Practical session

Presentation & objectives

In this session, you will solve some exercises to familiarize with defensive exceptions and assertions, and their use for defensive programming. You will also write your first unit tests, and focus on documentation.

Activity contents

1 — Extract a list of floats

We have a list l containing elements of different types. for example: l = [1, '3.14', 2.8, [], (2, 5), 'hello', {'d': 3, 'e': 2.145}].

We also have the following function which extracts all the floats from a given list to feed and returns a new list floats_in_list:

# Needed imports
from typing import List, Any



def list_of_floats (composite_list: List[Any]) -> List[float]:

    """
        This function checks the contents of the list to extract the floats inside.
        In:
            * composite_list: A list with various types.
        Out:
            * A list with the floats found in composite_list.
    """

    # Extract floats from the list
    floats_in_list = []
    for value in composite_list:
        if type(value) in (int, float):
            floats_in_list.append(float(value))
    return floats_in_list

Test this function on the example list l above. What do you notice?

Rewrite the function to take account numbers in the form of strings. To do this, you can use the string.digits property.

# Needed imports
from typing import List, Any
import string



def is_integer (s: str) -> bool:

    """
        This function verifies if a given string represents an integer.
        In:
            * s: The string to check.
        Out:
            * True if it is an integer in a string, False otherwise.
    """

    # Check that everything in the string is a digit
    for char in s:
        if char not in string.digits:
            return False
    return True



def is_number (s: str) -> bool:

    """
        This function verifies if a given string represents an integer or a float.
        In:
            * s: The string to check.
        Out:
            * True if it is a number in a string, False otherwise.
    """

    # If it is an integer we are done
    if is_integer(s):
        return True
    
    # Otherwise, let's check if it is a float
    i = s.find('.')
    if i != -1:
        return is_integer(s[:i]) and is_integer(s[i+1:])

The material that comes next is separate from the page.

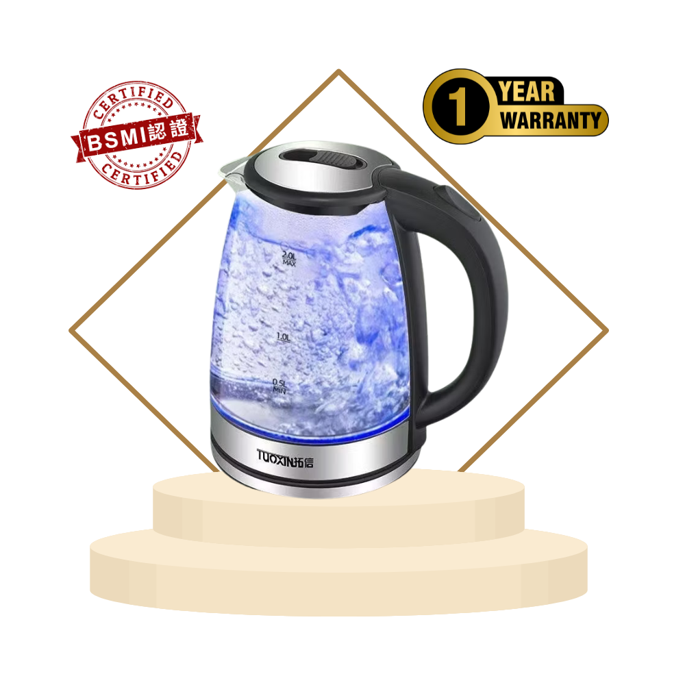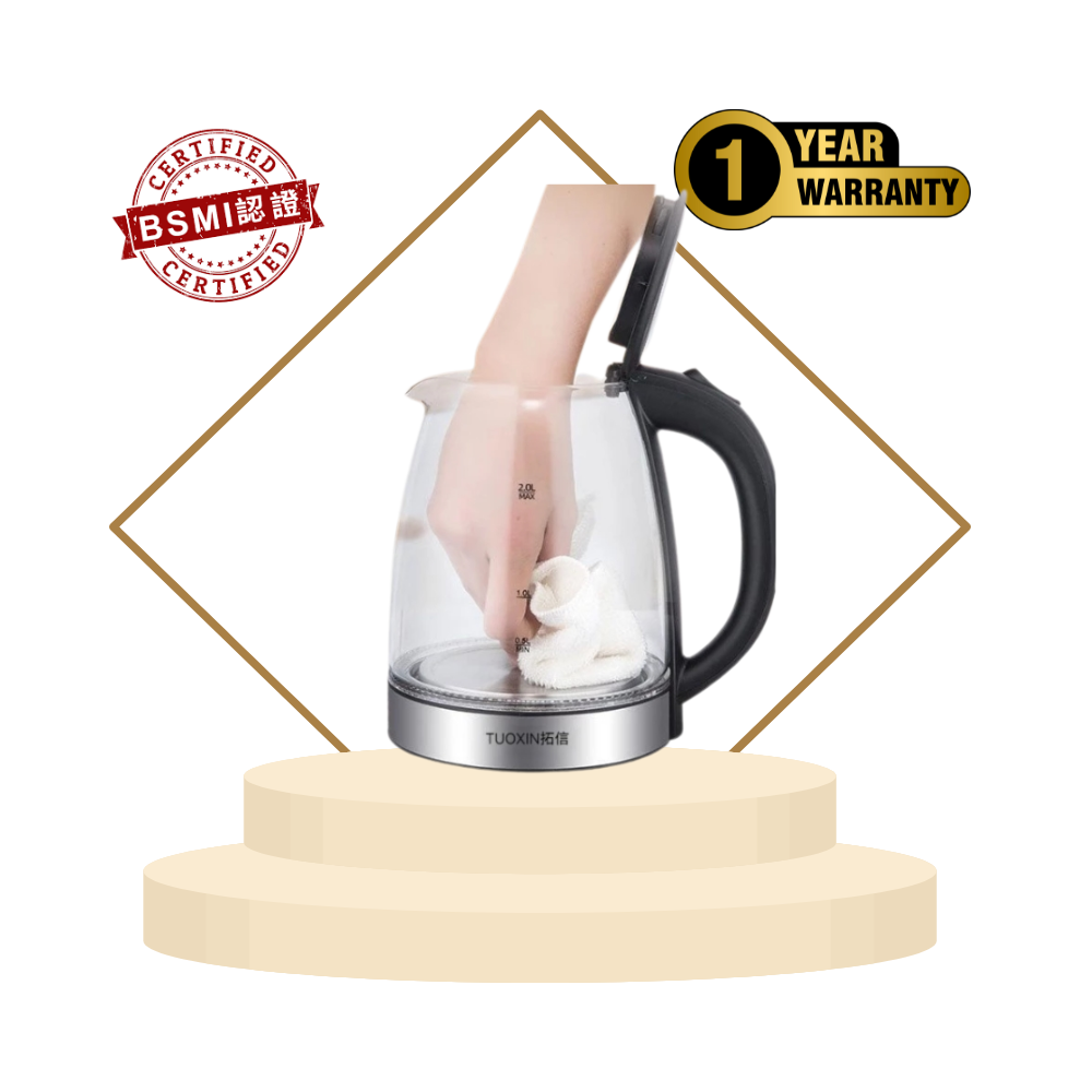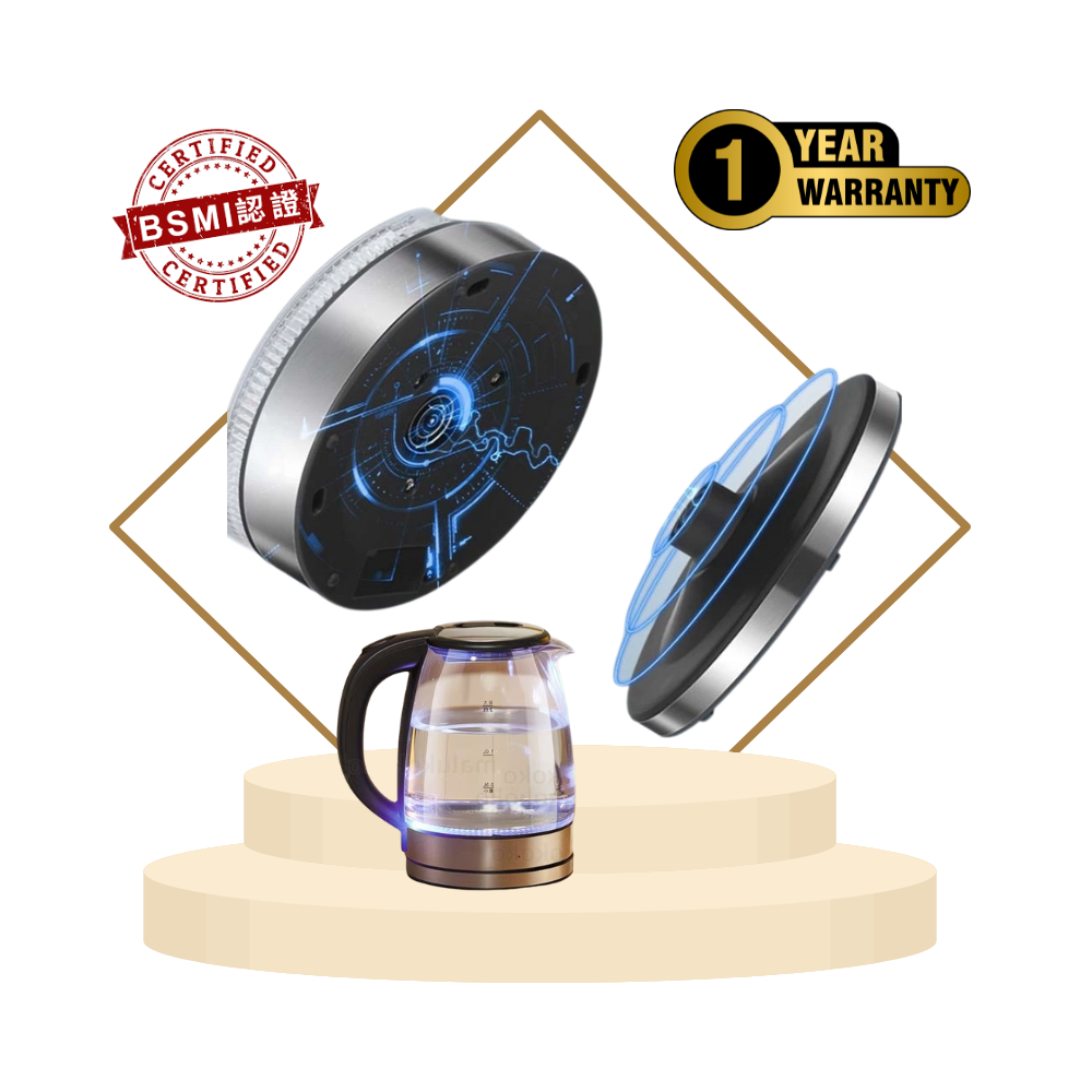 採用 高硼耐熱玻璃壺身,搭配 304 不鏽鋼發熱盤與上蓋內襯,兼具美觀與實用,煮水過程可視、潔淨安全。

    # No point found, it is something else
    return False

        

def list_of_floats (composite_list: List[Any]) -> List[float]:

    """
        This function checks the contents of the list to extract the floats inside.
        In:
            * composite_list: A list with various types.
        Out:
            * A list with the floats found in composite_list.
    """

    # Extract floats from the list
    floats_in_list = []
    for value in composite_list:
        if type(value) in (int, float) or (type(value) is str and is_number(value)):
            floats_in_list.append(float(value))
    return floats_in_list



# Test the function
if __name__ == "__main__":
    l = [1, '3.14', 2.8, [], (2,5), 'hello', {'d': 3, 'e': 2.145}]
    print(list_of_floats(l))

Use the exceptions mechanism to achieve the same result. Test on lists l and l2 = [(2, 5), 'hello', {'d': 3, 'e': 2.145}].

# Needed imports
from typing import List, Any



def list_of_floats (composite_list: List[Any]) -> List[float]:

    """
        This function checks the contents of the list to extract the floats inside.
        In:
            * composite_list: A list with various types.
        Out:
            * A list with the floats found in composite_list.
    """

    # Extract floats from the list
    floats_in_list = []
    for value in composite_list:

        # Try some conversion and capture errors to determine type
        try:
            floats_in_list.append(float(value))
        except ValueError as e:
            print(f"ValueError: Could not convert {value} to float. {e}")
        except TypeError as e:
            print(f"TypeError: Invalid type for {value}. {e}")

    return floats_in_list



# Test the function
if __name__ == "__main__":
    l1 = [1, '3.14', 2.8, [], (2, 5), 'hello', {'d': 3, 'e': 2.145}]
    print(listOfFloats(l1))
    l2 = [(2, 5), 'hello', {'d': 3, 'e': 2.145}]
    print(listOfFloats(l2))

2 — Argmax

The argmax function returns the index of the (first occurrence of the) maximum value occuring in a list of values, if the list is empty or null (None or null), it returns -1.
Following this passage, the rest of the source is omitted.